Richie Porte (BMC Racing) has told Cyclingnews that he goes into the Tour de France with his friendship with Chris Froome (Team Sky) on hold as he looks to end his former teammate's dominance in the race.
Porte has been labelled as the Tour de France favourite by many including Froome, after his impressive show of form at the Criterium du Dauphine. The Australian convincingly beat Froome in the individual time trial and dropped him on the two mountain finishes before going on to take second overall behind Jakob Fuglsang (Astana).
The pair clashed on the final stage with Porte flat out accusing Froome of racing with the sole purpose of making sure the BMC rider lost, rather than trying to win the race. Froome rejected the idea but the growing tension between the two has been one of the defining features leading up to the start of the Tour de France.
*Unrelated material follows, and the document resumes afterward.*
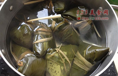 8、煮粽子要水热了后在放入粽子,就是水温大概70度的时候就可以放入锅里了,水最好浸没过粽子,我家的烧锅大概1个小时,就可以了。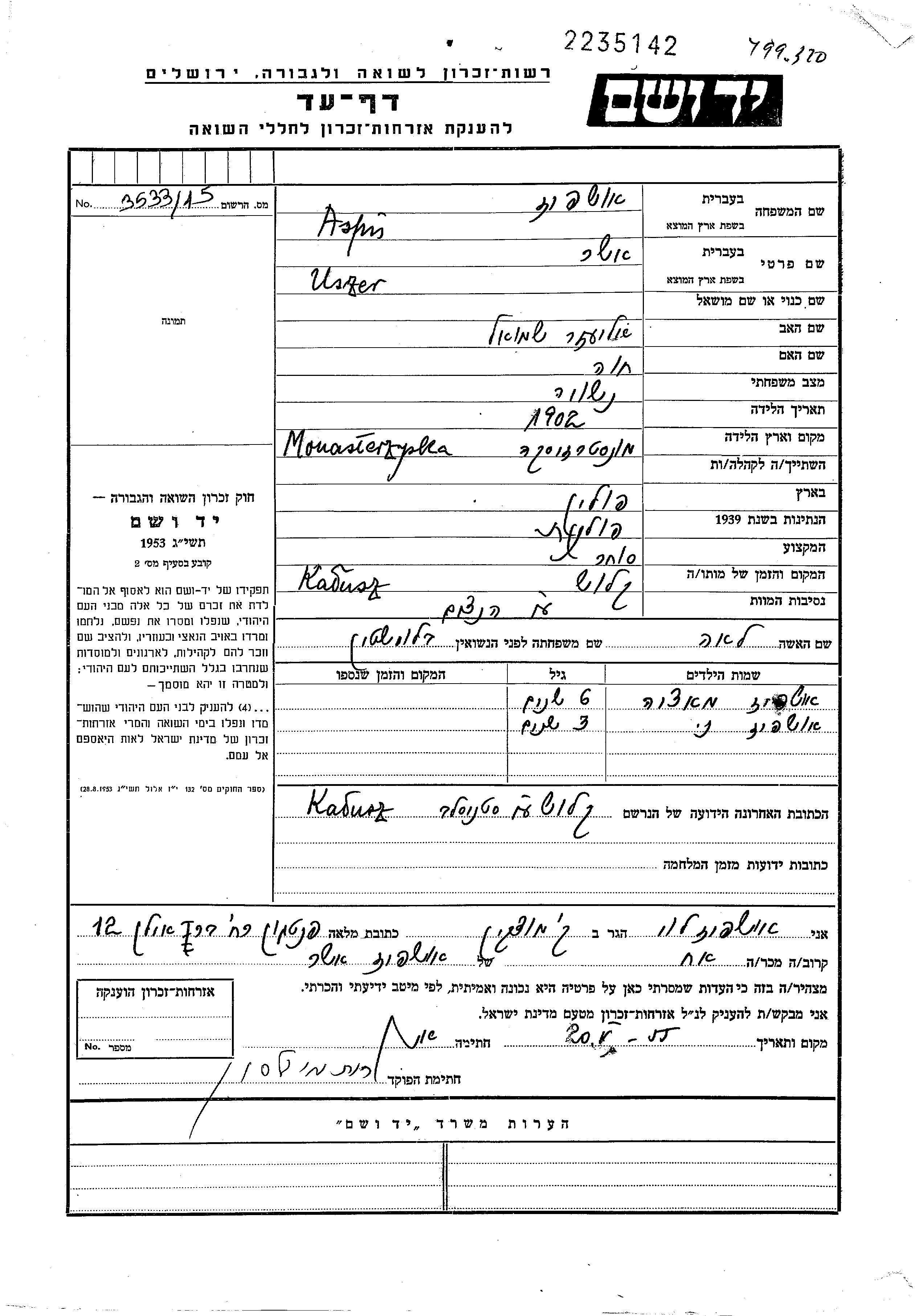 Uszer wurde in der Schoah ermordet. Todesort: Kalusz, Polen.

Last week Froome told Cyclingnews that the pair had met up and discussed the Dauphine and that they remained friends off the bike. This year's Tour de France is far from a two-horse race but the pair seem on a collision course as they battle for the yellow jersey.
"He has a different take on it to what I do, but at the end of the day Froome and I have been through a lot of scraps together so we'll always be mates off the bike," Porte told Cyclingnews when asked about the Dauphine episode.
"It doesn't matter if I agree with his tactics, and a race is a race. Certainly I learnt a few things on the Dauphine."
Porte confirmed that the pair – who both reside in Monaco -- went for a training ride in the mountains near where they live in order to clear the air between them.
"We did a six-hour ride together so that's as face-to-face as you can get. We went through a few things but at the end of the day it's up to teams as to how they race. To be honest I wasn't vey happy with how things went down."
Porte, who is one of the favourites for the opening time trial around Düsseldorf, added that his mind was totally focused on the Tour and that distractions, such as social media, and the news would be put to one side until the race was over.
When asked if his friendship with Froome would be put to one side, he replied: "I think so. It's a good time at the Tour de France to switch off your phone. There's not much good that can come out of reading the internet and what's going on. It's a bit of a bubble so I'll try and keep out of it."